Third, an address mapping between the layers is needed for common group identification. Address resolution schemes depend on framing details for the technologies in use, but commonly cause a significant address overlap at the lower layer (i.e., more than one IP multicast group address is sent using the same L2 address).

4.2. Multicast for Specific Technologies

4.2.1. 802.11 WLAN

IEEE 802.11 Wireless Local Area Network (WLAN) is a broadcast network of Ethernet type. This inherits multicast address mapping concepts from 802.3. In infrastructure mode, an access point operates as a repeater, only bridging data between the Base (BSS) and the Extended Service Set (ESS). A mobile node submits multicast data to an access point in point-to-point acknowledged unicast mode (when the ToDS bit is set). An access point receiving multicast data from an MN simply repeats multicast frames to the BSS and propagates them to the ESS as unacknowledged broadcast. Multicast frames received from the ESS receive similar treatment.

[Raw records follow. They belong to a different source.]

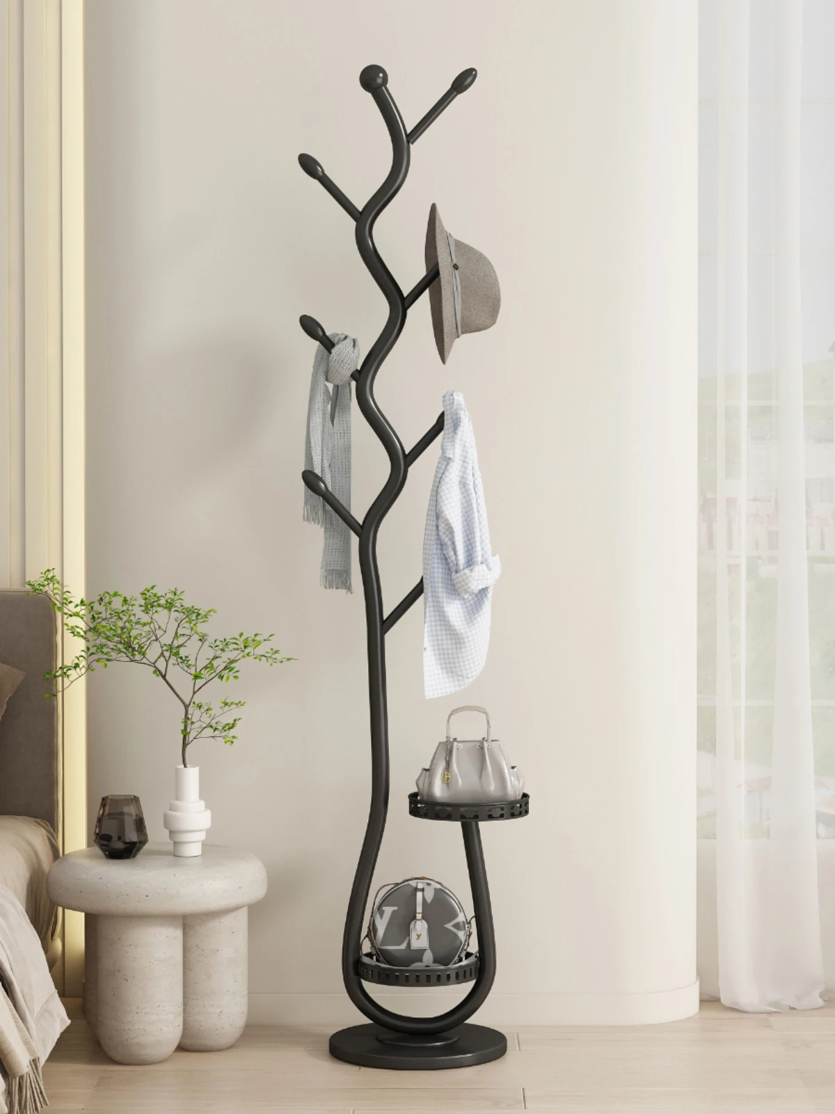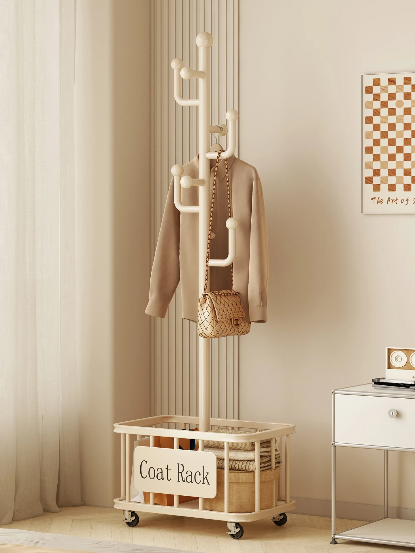 ベッドサイドに最適!移動可能な衣類ラック - 寝室や玄関にぴったりのコートハンガー。バッグや小物をすっきり収納できる便利なアイテム!おしゃれなデザインで、あなたの生活空間をより魅力的に演出します。
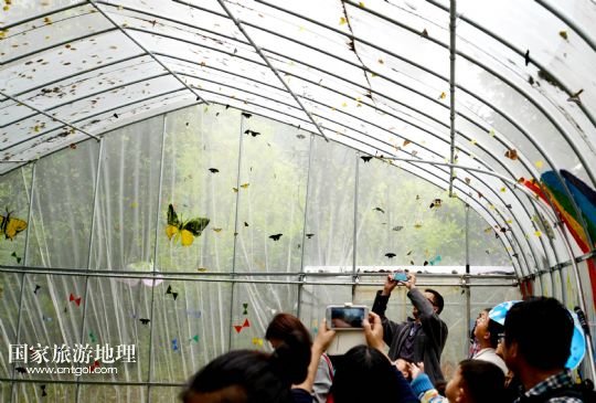 4月27日,游客在“蝴蝶谷”拍攝蝴蝶。
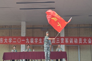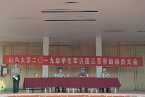 9月3日上午,必赢76net线路唯一官方网站2019级学生军训团三营军训动员大会在洪家楼校区举行。三营教导员、艺术学院党委副书记姜楠主持,军训团副政委窦志强,三营营长邱志新,三营副教导员、必赢76net线路唯一官方网站党委副书记魏鲁鸿以及各指导员出席了本次动员大会。
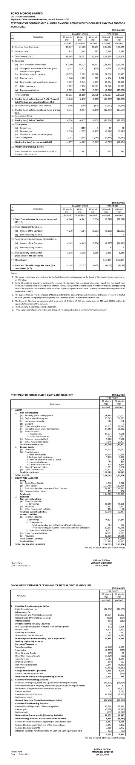 Statement of Consolidated Audited Financial Results for the Quarter and Year ended 31st March 2022.
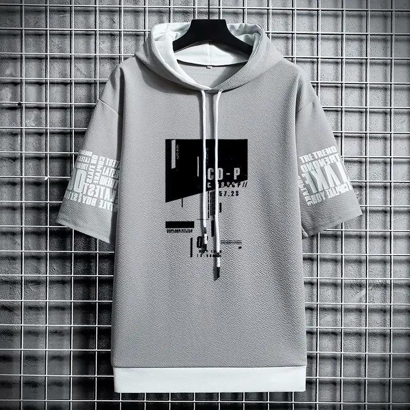 New Korean Style Men's Hoodies Fashion Streetwear Half Sleeve Hooded Sweatshirts Men Casual Harajuku Prints Men Clothing Hoodies
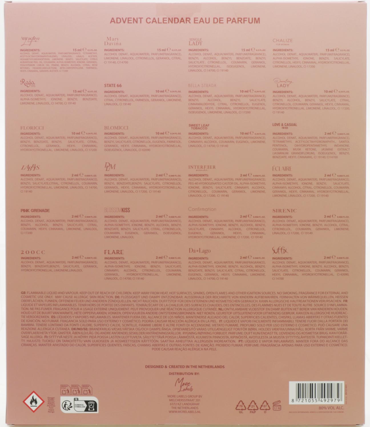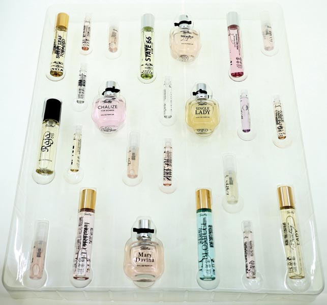 1x15ml tube bottle parfum, 6x10ml roll-on parfum,
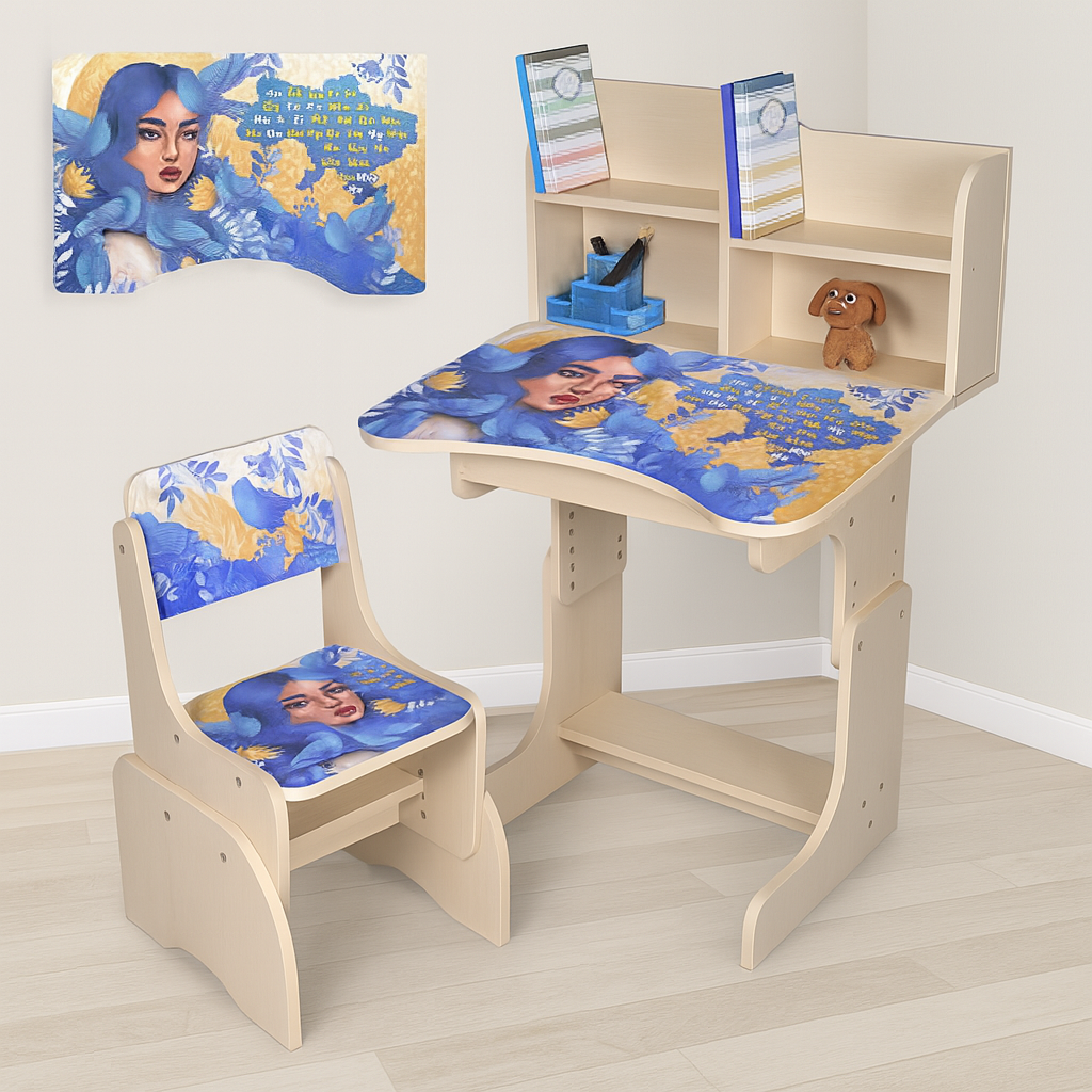 Стіл і стілець регулюються по висоті, що дозволяє налаштувати їх під зріст дитини для правильного положення тіла. Комплект створено з урахуванням зручності, ергономіки та потреб школярів.
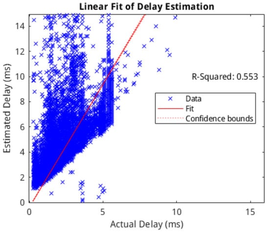 Correlation of delay estimate vs. actual delay with least-squares linear model and associated R-squared score.
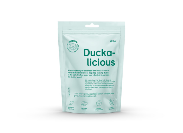 Buddy pehmed maiused koertele värskest pardist ja rosmariinist, rikkad valgu ja oomega-rasvhapete poolest. Koostisosad on 100% looduslikud ning vabad lisaainetest, teraviljast ja GMO-dest. Ideaalne preemiaks treeningu ajal.
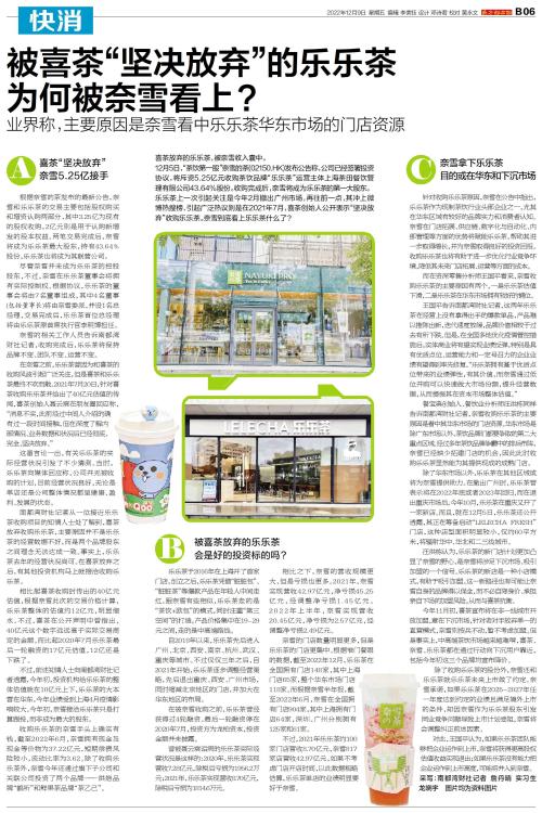 被喜茶“坚决放弃”的乐乐茶为何被奈雪看上?
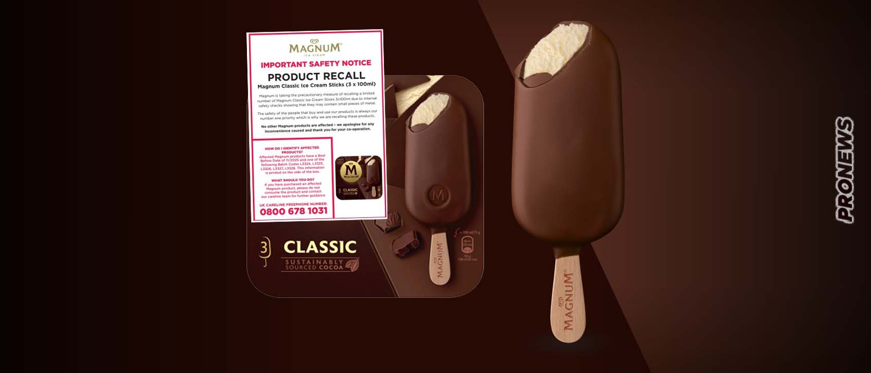 Η Uniliver, ανακοίνωσε ότι ανακαλεί από την αγορά παρτίδες παγωτών της Magnum (Magnum Classic Chocolate Ice Cream Sticks 3 x 100ml), που βρίσκονται σε συσκευασία 3 τεμαχίων, καθώς μέσα βρέθηκαν μεταλλικά κομμάτια!
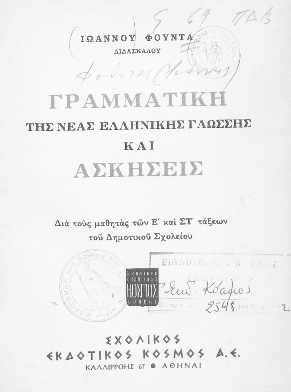 Τίτλος: Γραμματική της Νέας ελληνικής γλώσσης και Ασκήσεις. Δια τους μαθητάς της Ε΄ και ΣΤ΄ τάξης Δημοτικού Σχολείου
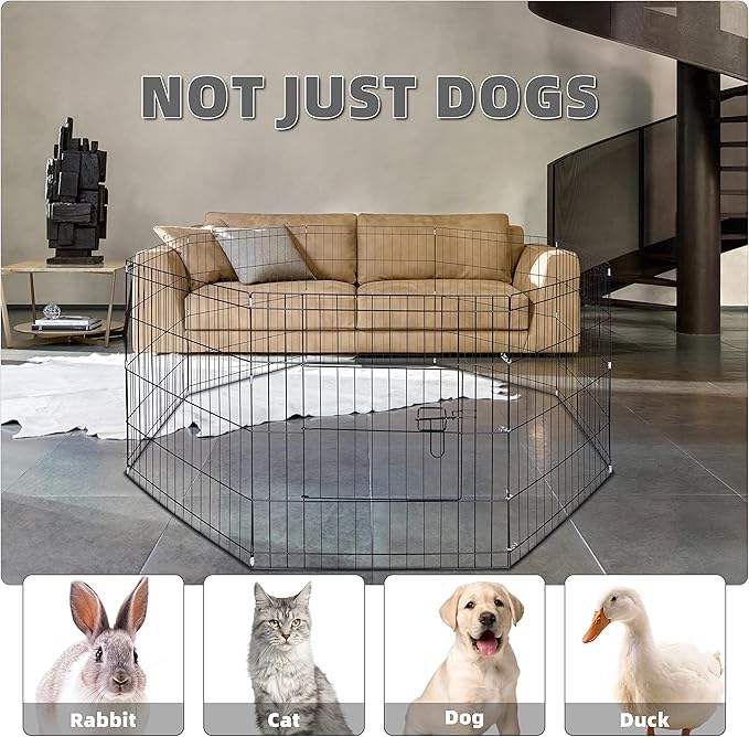 - Indoor/outdoor portable pet pen creates with 8 connected panels, thumb snaps for connecting the ends together
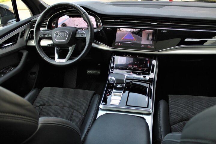 Audi Q7 55 TFSI e Quattro uitgevoerd in S-line sportpakket en de prachtige kleur 'Daytonagrijs metallic'. De auto is compleet Audi dealer onderhouden en heeft slechts 1 eigenaar gehad. Deze hybride Q7 heeft een gecombineerd vermogen van 381 pk, een trekgewicht van maar liefst 3500 kg en een elektrisch bereik van +/- 43 km. Het is een BTW-auto, waardoor de BTW aftrekbaar is voor de zakelijke rijder (prijs is inclusief BTW). Verder betreft het een uiterst compleet uitgevoerde Q7 met o.a. de volgende lijst aan opties:
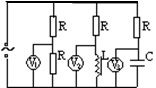 在图5所示的交流电路中,保持电源电动势一定,当交变电流的频率增大时,各交流电压表的示数将( )
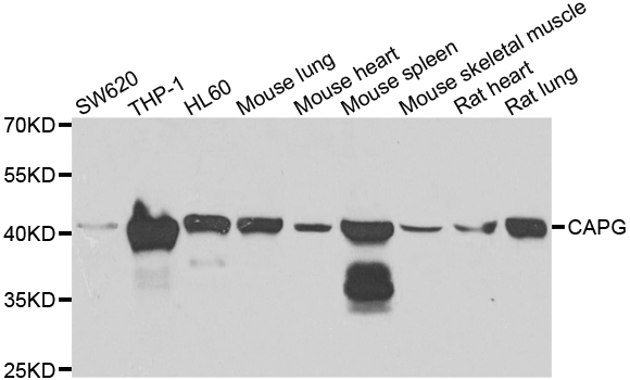 Western blot analysis of extracts of various cell lines, using CAPG antibody.
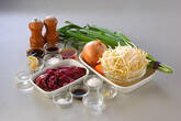 <調味料>を加え、全体にからめるように炒め合わせ、器に盛る。
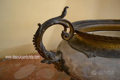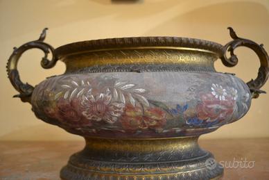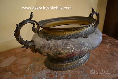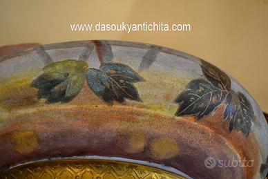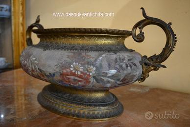Antico vaso centrotavola da collezione della Royal Bonn degli inizi del 900 in pregiata porcellana dipinta a mano a motivi floreali e fogliacei , montata su un supporto in metallo dorato , rifinito da manici raffiguranti dei pesci tritoni.
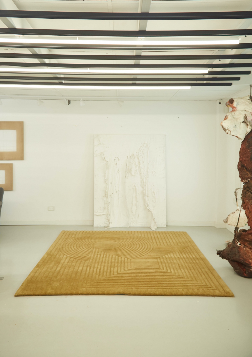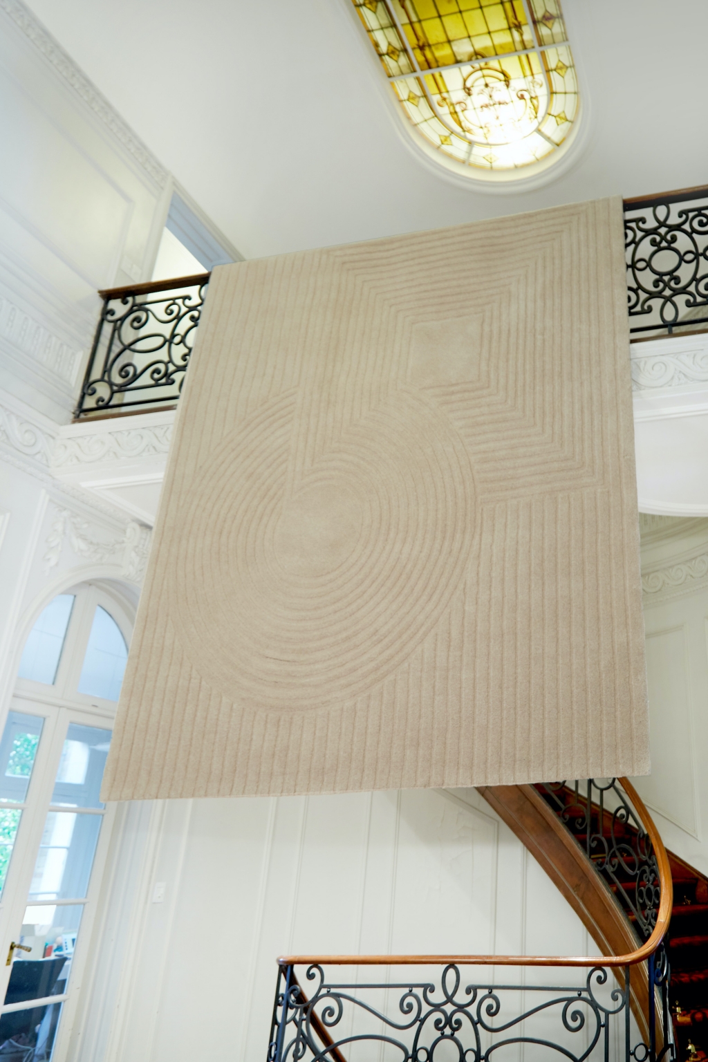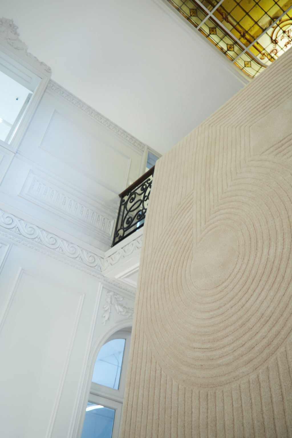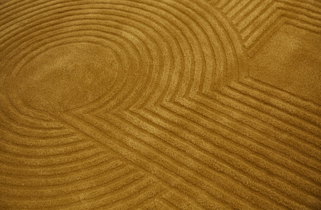 Hand tufted and hand carved in New Zealand wool. “Big in Japan” is a zen garden-inspired design meant to bring a sense of calmness and well-being.

Multicast frame delivery has the following characteristics:

  • As an unacknowledged service, it offers limited reliability. The loss of frames (and hence packets) arises from interference, collision, or time-varying channel properties.
  • Data distribution may be delayed, as unicast power saving synchronization via Traffic Indication Messages (TIM) does not operate in multicast mode. Access points buffer multicast packets while waiting for a larger Delivery TIM (DTIM) interval, whenever stations use the power saving mode.
  • Multipoint data may cause congestion, because the distribution system floods multicast, without further control. All access points of the same subnet replicate multicast frames.

To limit or prevent the latter, many vendors have implemented a configurable rate limit for forwarding multicast packets. Additionally, an IGMP/MLD snooping or proxy may be active at the bridging layer between the BSS and the ESS or at switches interconnecting access points.

4.2.2. 802.16 WIMAX

IEEE 802.16 Worldwide Interoperability for Microwave Access (WIMAX) combines a family of connection-oriented radio transmission services that can operate in single-hop point-to-multipoint (PMP) or in mesh mode. The latter does not support multipoint transmission and currently has no deployment. PMP operates between Base and Subscriber Stations in distinguished, unidirectional channels. The channel assignment is controlled by the Base Station, which assigns channel IDs (CIDs) within service flows to the Subscriber Stations. Service flows may provide an optional Automatic Repeat Request (ARQ) to improve reliability and may operate in point-to-point or point-to- multipoint (restricted to downlink and without ARQ) mode.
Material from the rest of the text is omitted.